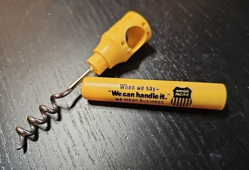 - Vintage Union Pacific Railroad Advertising Corkscrew Wine Bottle Opener Yellow
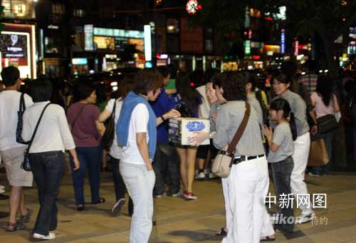 十七日晚,慈濟臺北分會的義工在臺北市的街上為四川震災與緬甸風災募款,兒童也加入行列。作 者:陳立宇
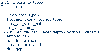 Правило antipad_gap позволяет задать зазоры между вырезами во внутренних слоях металлизации и металлизированным отверстием. Пример определения этого правила:(pcb...(structure...(rule (clearance 0.2 (type antipad_gap)))...))
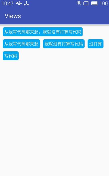 <?xml version="1.0" encoding="utf-8"?> <LinearLayout xmlns:android="http://schemas.android.com/apk/res/android" xmlns:lee="http://schemas.android.com/apk/res-auto" android:layout_width="match_parent" android:layout_height="match_parent" android:orientation="vertical"> <com.whoislcj.views.TagsLayout android:id="@+id/image_layout" android:layout_width="match_parent" android:layout_height="wrap_content" android:layout_margin="10dp" lee:tagHorizontalSpace="10dp" lee:tagVerticalSpace="10dp" /> </LinearLayout>
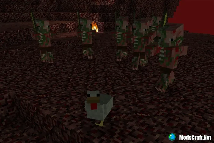 Шанс появления курицы из яйца был увеличен, благодаря чему Вы можете отвлечь курицей мобов Нижнего мира, поскольку многие из ненавидят кур.
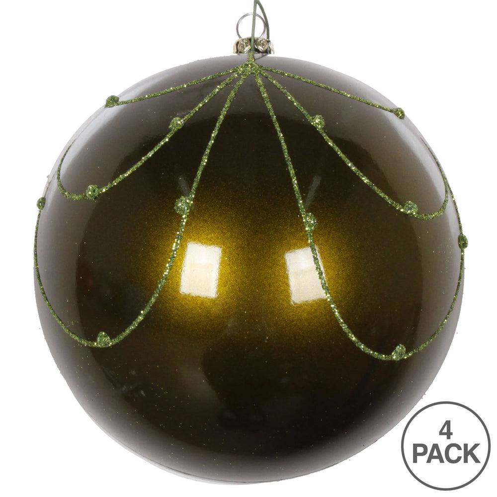 Vickerman 4.75" Olive Candy Finish Curtain Ornament with Glitter Accents 4 per Bag
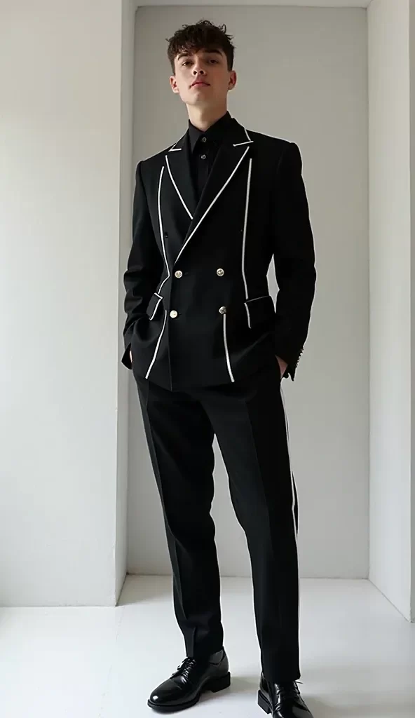 Un diseño que redefine la elegancia contemporánea. El saco Laurenttino Black Edition combina la distinción del traje clásico con un innovador acabado en piping blanco que realza cada línea de la prenda. Confeccionado en corte slim fit, destaca por su doble botonadura metálica, solapas estilizadas y caída impecable que aporta porte y presencia en cualquier ocasión.
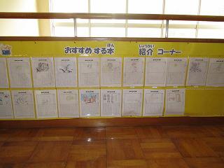 図書室前の掲示板を見ると、上南摩小の24名が今までに読んだ本の合計が表に記録されています。今年一年間の目標は2000冊でしたが、夏休みが終わって、1141冊が記録されています。また、その掲示板の隣には「おすすめする本」の紹介コーナーがあります。また、11月は「読書月間」として、様々な計画が立てられています。読書の秋です。今まで読んでいなかった分野の本などにもチャレンジしてほしいと思っています。
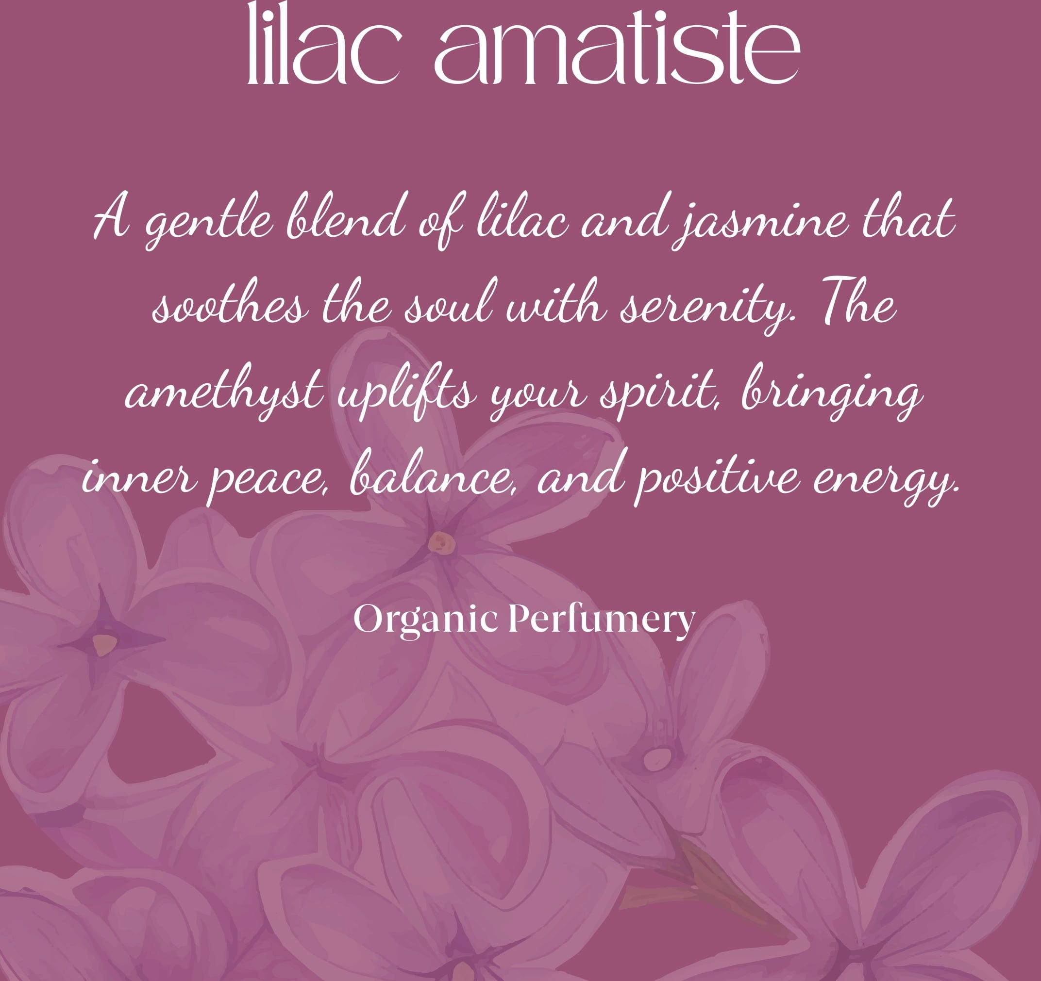 Una fragancia suave y radiante que envuelve el cuerpo y la energía con una sensación de calma, apertura y conexión y notas florales y verdes. Inspirada en la amatista, un mineral que te acompaña en momentos de introspección y serenidad, como un tranquilo paseo al amanecer.
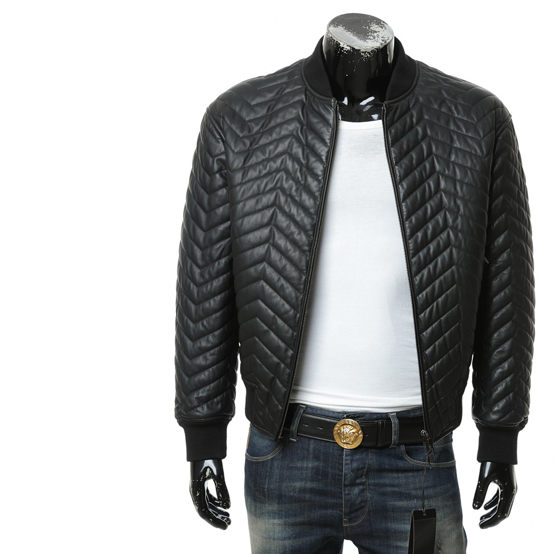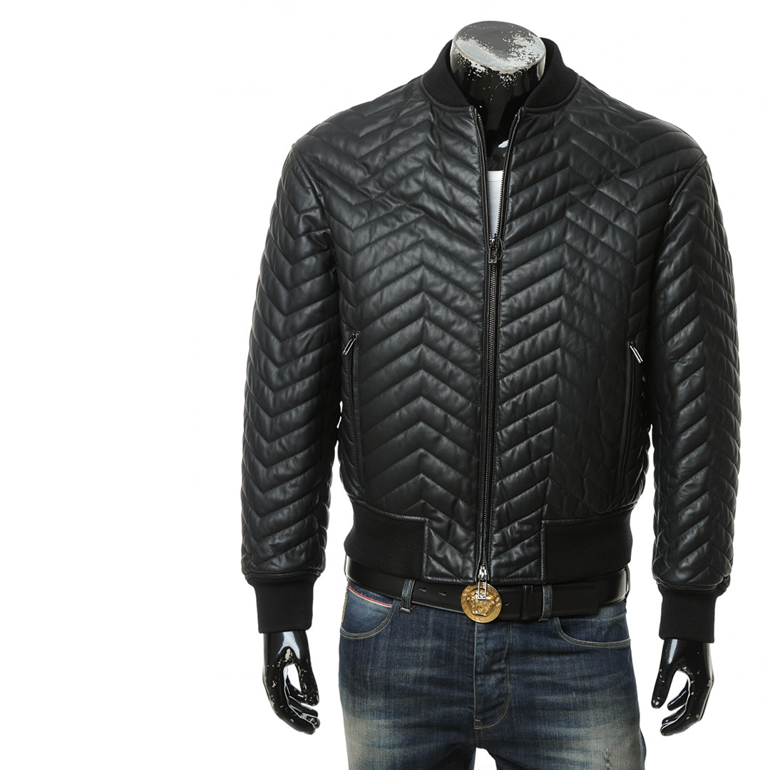 阿玛尼男士鹰标真皮皮衣
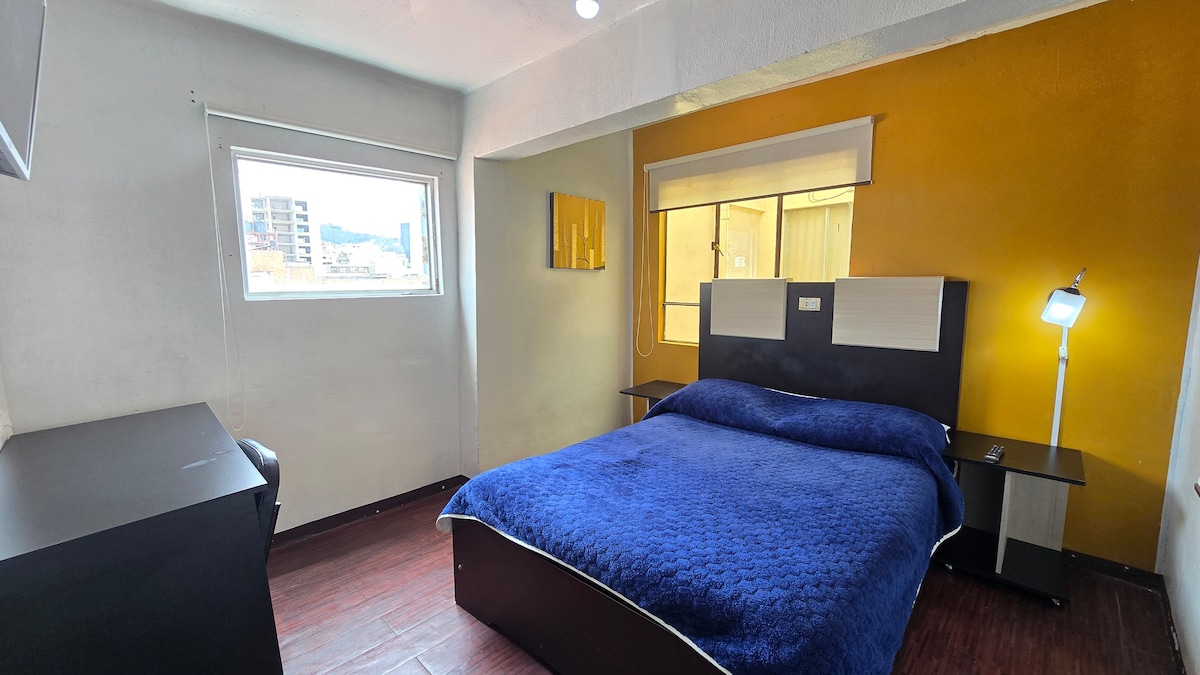 una habitación muy céntrica, cerca de restaurantes, pubs, cafeterías, áreas turísticos como la calle de la brujas y/o paraguitas, tambien la plaza principal de la ciudad esta a 10 minutos palacio de gobierno entre otros. la habitación es bastante cómoda y bien equipada con lo necesario y de fácil acceso.

————

(Exercise description): Retyping is limited to the line with "図書室前の掲示板を見ると、上" and the lines after it in the material above; give them exactly and leave out the pictures.

(Solution):
 図書室前の掲示板を見ると、上南摩小の24名が今までに読んだ本の合計が表に記録されています。今年一年間の目標は2000冊でしたが、夏休みが終わって、1141冊が記録されています。また、その掲示板の隣には「おすすめする本」の紹介コーナーがあります。また、11月は「読書月間」として、様々な計画が立てられています。読書の秋です。今まで読んでいなかった分野の本などにもチャレンジしてほしいと思っています。
 Una fragancia suave y radiante que envuelve el cuerpo y la energía con una sensación de calma, apertura y conexión y notas florales y verdes. Inspirada en la amatista, un mineral que te acompaña en momentos de introspección y serenidad, como un tranquilo paseo al amanecer.
 阿玛尼男士鹰标真皮皮衣
 una habitación muy céntrica, cerca de restaurantes, pubs, cafeterías, áreas turísticos como la calle de la brujas y/o paraguitas, tambien la plaza principal de la ciudad esta a 10 minutos palacio de gobierno entre otros. la habitación es bastante cómoda y bien equipada con lo necesario y de fácil acceso.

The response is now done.